### [Aim of the exercise]
Reproduce the whole listing exactly and let no picture into the copy.

══ Input data

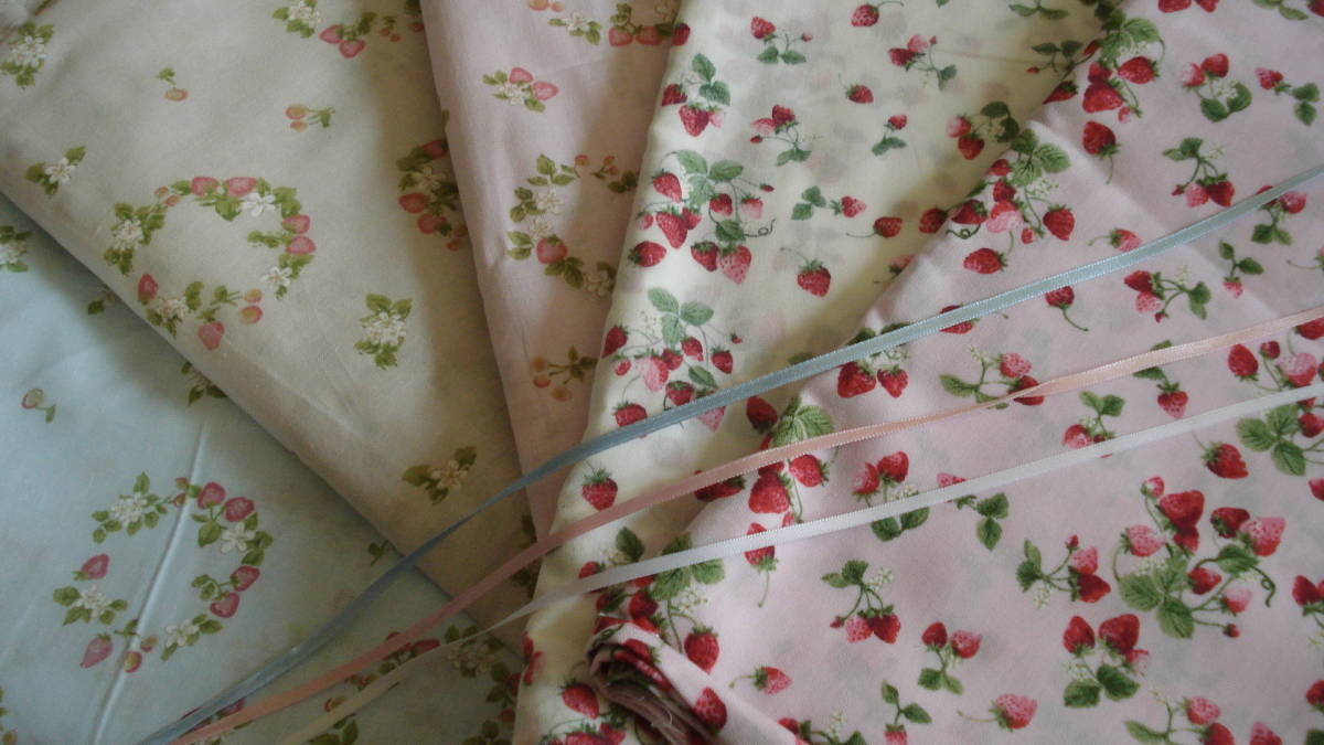 - ◆「いちご・苺・イチゴ①」5枚セット(約25×25cm)+サテンリボン3本(約3mm×30cm)/カットクロス・ハギレ◆
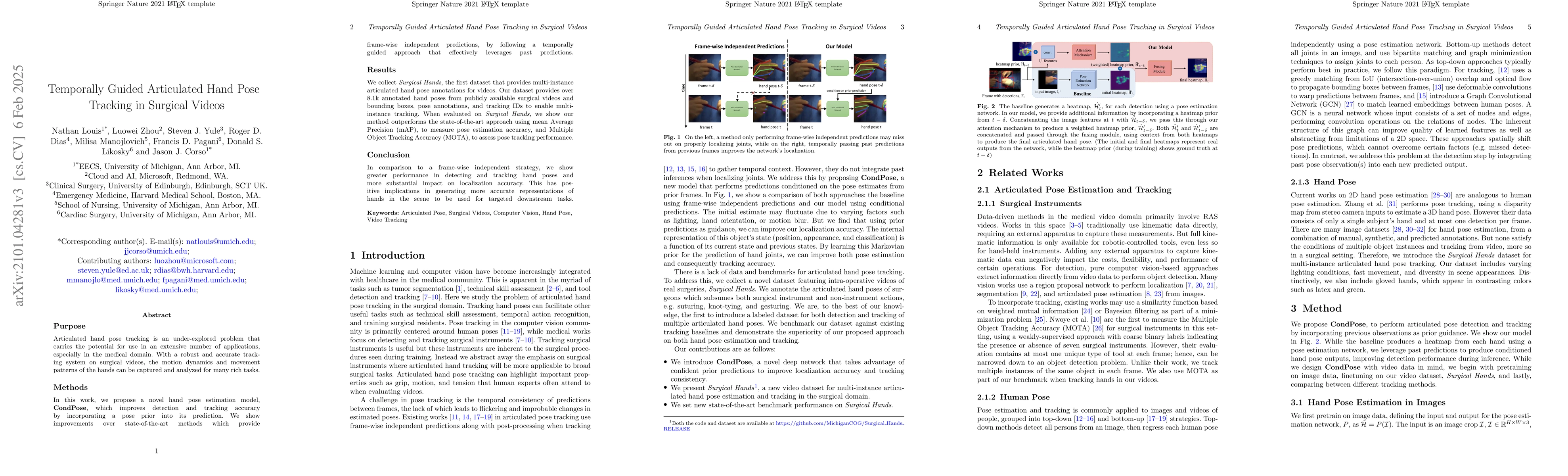 This paper proposes a novel hand pose estimation model, Res152-CondPose, that enhances articulated hand pose tracking in surgical videos by integrating temporal guidance and hand pose priors. The authors also introduce the Surgical Hands dataset for multi-instance articulated hand pose annotations, which outperforms existing methods in pose estimation and tracking accuracy.
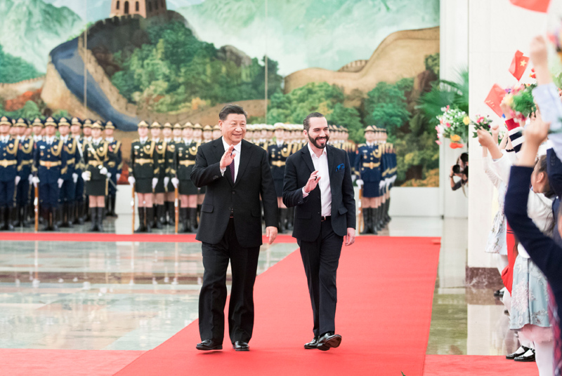 国家主席习近平3日在人民大会堂同萨尔瓦多总统布克尔会谈。

════

### [Result below]
 - ◆「いちご・苺・イチゴ①」5枚セット(約25×25cm)+サテンリボン3本(約3mm×30cm)/カットクロス・ハギレ◆
 This paper proposes a novel hand pose estimation model, Res152-CondPose, that enhances articulated hand pose tracking in surgical videos by integrating temporal guidance and hand pose priors. The authors also introduce the Surgical Hands dataset for multi-instance articulated hand pose annotations, which outperforms existing methods in pose estimation and tracking accuracy.
 国家主席习近平3日在人民大会堂同萨尔瓦多总统布克尔会谈。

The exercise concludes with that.